Government Relations
The General Assembly convened in February to begin the second year of the two-year legislative session. Governor Josh Shapiro gave his budget address to both chambers on February 3. Budget hearings with agencies in the administration are well under way and negotiations among House and Senate leaders will soon begin in earnest … just a few months after enacting the FY 2025-26 budget, six months past due!
PDA will monitor all budgetary issues impacting dentistry: Medicaid and Rural Health Transformation Plan funding through the Department of Human Services, and health care practitioner loan repayment and Donated Dental Services funding through the Department of Health, among other things. See page 6 for more details on the Governor’ s proposed budget.
Rural Health Transformation Plan
The Centers for Medicare & Medicaid Services( CMS) recently announced that all 50 states will receive awards under the Rural Health Transformation Program, a $ 50 billion initiative established under President Trump’ s Working Families Tax Cuts legislation to strengthen and modernize health care in rural communities across the country.
The Rural Health Transformation Program’ s $ 50 billion in funds will be allocated to approved states over five years, with $ 10 billion available each year from 2026 through 2030.
In 2026, states will receive first-year awards from CMS averaging $ 200 million, within the range of $ 147 million to $ 281 million.

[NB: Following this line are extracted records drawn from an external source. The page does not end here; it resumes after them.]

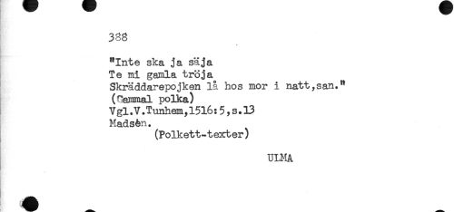 //// 388 //// t //// "Inte ska ja säja //// Te mi gamla tröja //// Skräddarepojken lå hos mor i natt,san." //// (lammal polka) //// Vgl.V.Tunhem,15l6:5,s.13 //// Madsén. //// (Polkett-texter) //// ULMA ////
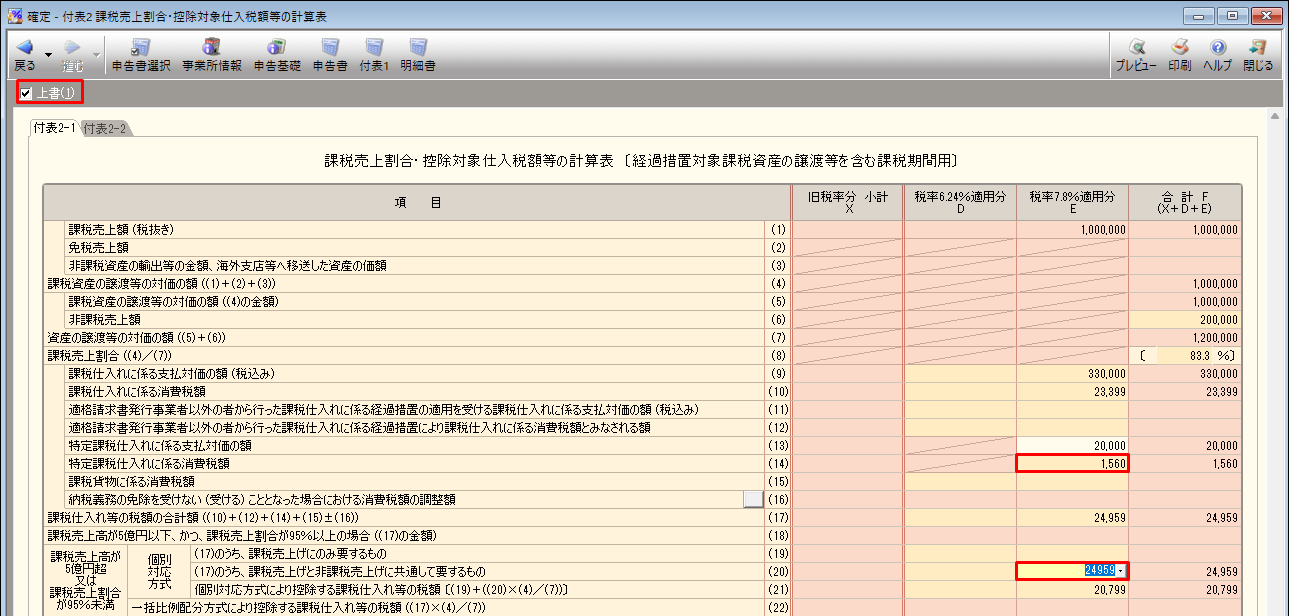 「(14)」の「E」が自動計算されます。 - 「(20)」の「E」金額欄を選択し、[上書]のチェックを付け、特定課税仕入れに関する消費額「(14)」の「E」(リバースチャージ方式に該当する取引の消費税額)を足した金額を入力します。
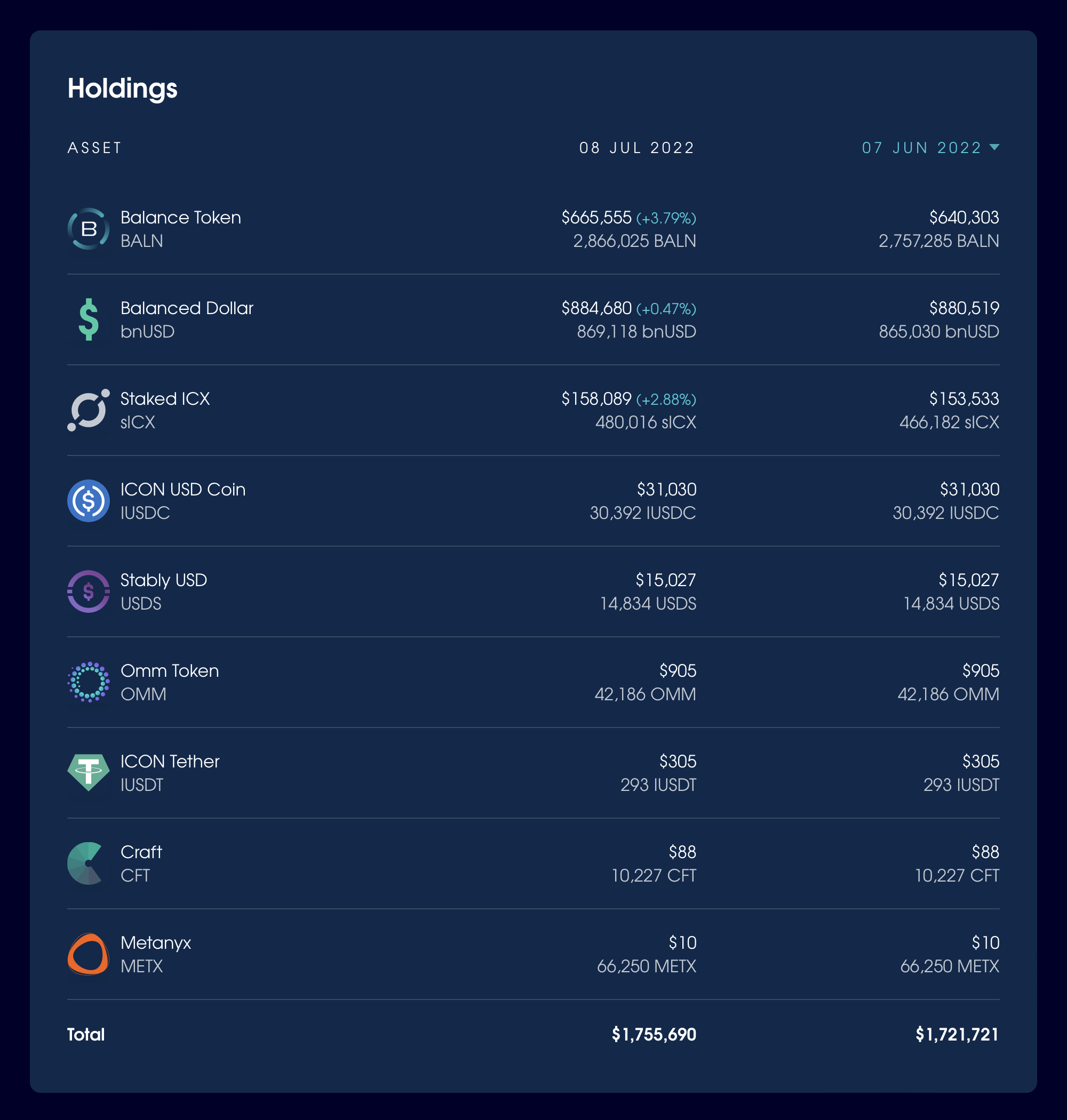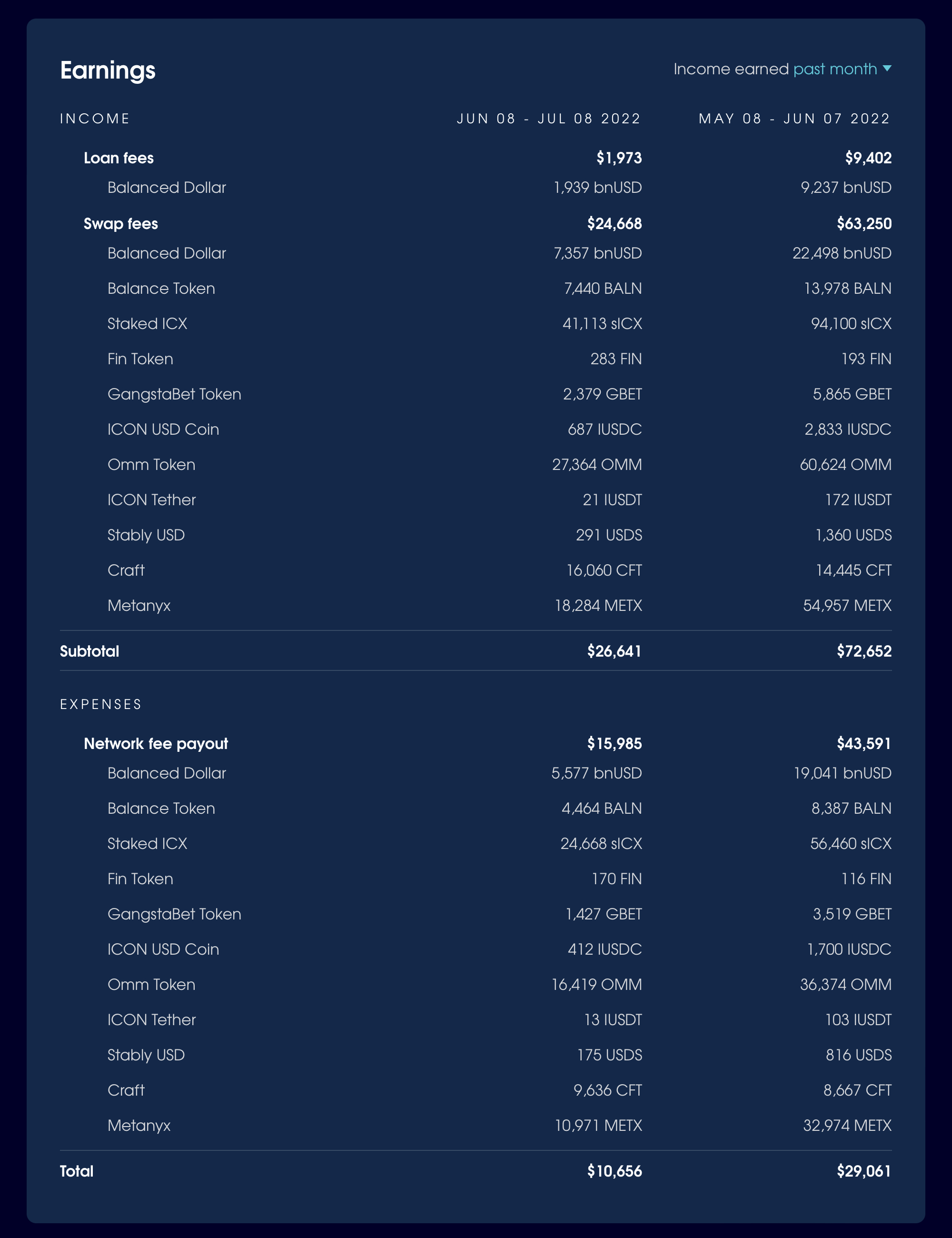 In the month from 8 June - 8 July, Balanced earned 1,973 bnUSD from loan fees and $24,668 from swap fees, for a total value of $26,641 – 63.3% less than the previous month. While this is a significant decline, it was expected given the state of the markets recently.

Pennsylvania was granted about $ 193 million for year one. The state has until September 2027 to use the fundings that it has received this first year.
States are to invest this funding to expand access to care in rural communities, strengthen the rural health workforce, modernize rural facilities and technology, and support innovative models that bring high-quality, dependable care without having to travel long distances.
Addressing oral health disparities is part of Pennsylvania’ s RHTP, but the degree to which remains to be seen, as does when exactly dental-related initiatives would come to fruition in the five-year window when federal funding is available. The plan does specifically include the University of Pittsburgh School of Dental Medicine’ s initiative to create dental regional training centers in rural areas as an example of how RHTP funding may be used. There is also mention of using the funding to offer financial incentives such as a scholarship program for dentists and dental team members to practice in rural areas.
PDA reached out to the Department of Human Services to partner with the department as funds are released and they begin to implement year one of the plan. We have been asked to serve on the Governor’ s advisory council tasked with offering recommendations and guidance on the RHTP.
Artificial Intelligence( AI) in Health Care
PDA recently submitted comments to the House Communications and Technology Committee regarding proposed legislation regulating the use of AI in health care. While the bill is more germane to hospitals and other large health systems, we thought it prudent to go on the record with comments and a request that the committee engage with PDA on AI-related legislation so that any requirements impacting dentistry make sense to dentists and dental practices.
PDA provided the following feedback to the committee:
• It is sometimes unclear in proposed legislation whether the intent is to include dentistry due to ambiguous definitions of health insurance policies, health care provider and health care facility. Specificity / clarity in such definitions greatly simplifies enforcement following enactment.
• While it is important to disclose the use of AI to patients, compliance with other requirements such as submitting an annual report to the Department of Health would likely be overly burdensome to small group dental practices and solo practitioners. This is especially true for those who already face administrative hassles as Medicaid providers. PDA recommends excluding dentistry from requirements that are intended for large health systems and hospitals, which have more resources to handle compliance issues.
• As with medicine, while AI has a role to play in dentistry – such as with imaging and diagnosis and treatment planning – it is no substitute for human expertise and clinical judgement.
• While PDA sees the value in insurers using AI for administrative tasks and to expedite claims processing, we believe that humans with appropriate clinical expertise will always play a vital role in evaluating and making determinations related to prior authorization and coverage.
Dental Insurance Reform( DIR) legislation
PDA continues to press key legislators to move our DIR legislation through committee to a floor vote. Credentialing reform bills were introduced in both the House and Senate, and the Dental Loss Ratio( DLR) bill, already introduced in the House, will likely be introduced in the Senate this spring.